──────── Supplied material

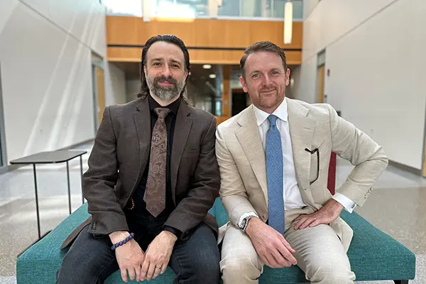 Philosophy Chair Nicholas Evans, left, and Criminology Assoc. Prof. Neil Shortland have been awarded $4.2 million in defense grants for research on AI.
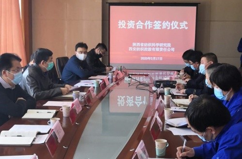 签约仪式上,纺科院院长刘强首先介绍了双方签订合作框架协议以来的工作进展,并明确了加快推进股权合作和研发基地建设急需解决的主要问题;接着,西安纺控总经理卢纪镐简要介绍了投资合作协议的具体内容。随后,刘院长和西安纺控总经理在参会领导见证下,代表双方在《投资合作协议书》上郑重签字。本次签约实施纺科院元丰公司增资扩股及研发基地建设,将实现双方优势资源整合,为科技插上资本和产业化的双翼,助力元丰公司释放科技创新和市场运营潜力,做强做大产业规模,倾力打造高性能纤维应用研发基地。
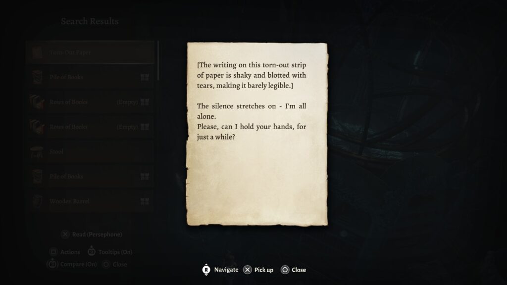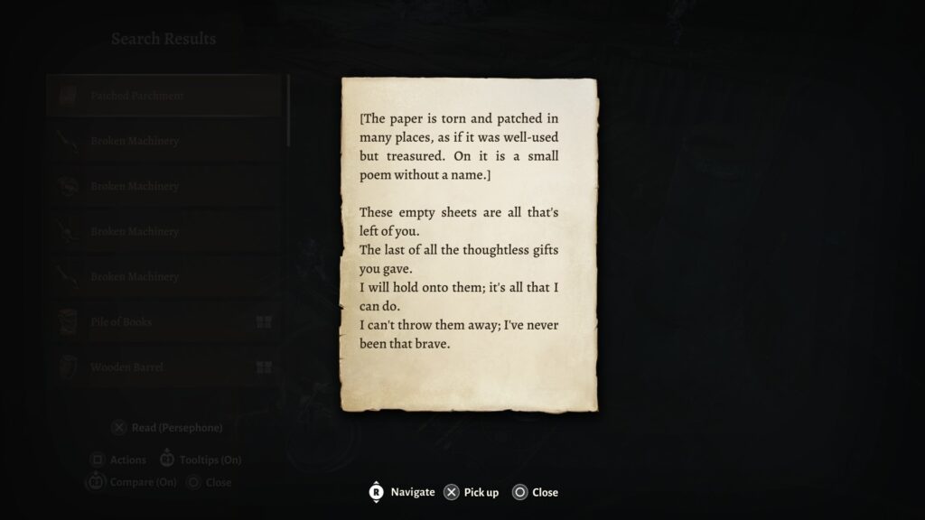 Aha, so Lenore had a friend named Yrre. It says they were only together for a short time, so what happened to him? Unfortunately, it doesn’t take long to put the pieces together. As you explore the tower, you find scraps of paper and handwritten poems throughout.

────────────────

_What is expected_: An exact copy of all the lines above is required, with the pictures removed.

_Answer space_:
 Philosophy Chair Nicholas Evans, left, and Criminology Assoc. Prof. Neil Shortland have been awarded $4.2 million in defense grants for research on AI.
 签约仪式上,纺科院院长刘强首先介绍了双方签订合作框架协议以来的工作进展,并明确了加快推进股权合作和研发基地建设急需解决的主要问题;接着,西安纺控总经理卢纪镐简要介绍了投资合作协议的具体内容。随后,刘院长和西安纺控总经理在参会领导见证下,代表双方在《投资合作协议书》上郑重签字。本次签约实施纺科院元丰公司增资扩股及研发基地建设,将实现双方优势资源整合,为科技插上资本和产业化的双翼,助力元丰公司释放科技创新和市场运营潜力,做强做大产业规模,倾力打造高性能纤维应用研发基地。
 Aha, so Lenore had a friend named Yrre. It says they were only together for a short time, so what happened to him? Unfortunately, it doesn’t take long to put the pieces together. As you explore the tower, you find scraps of paper and handwritten poems throughout.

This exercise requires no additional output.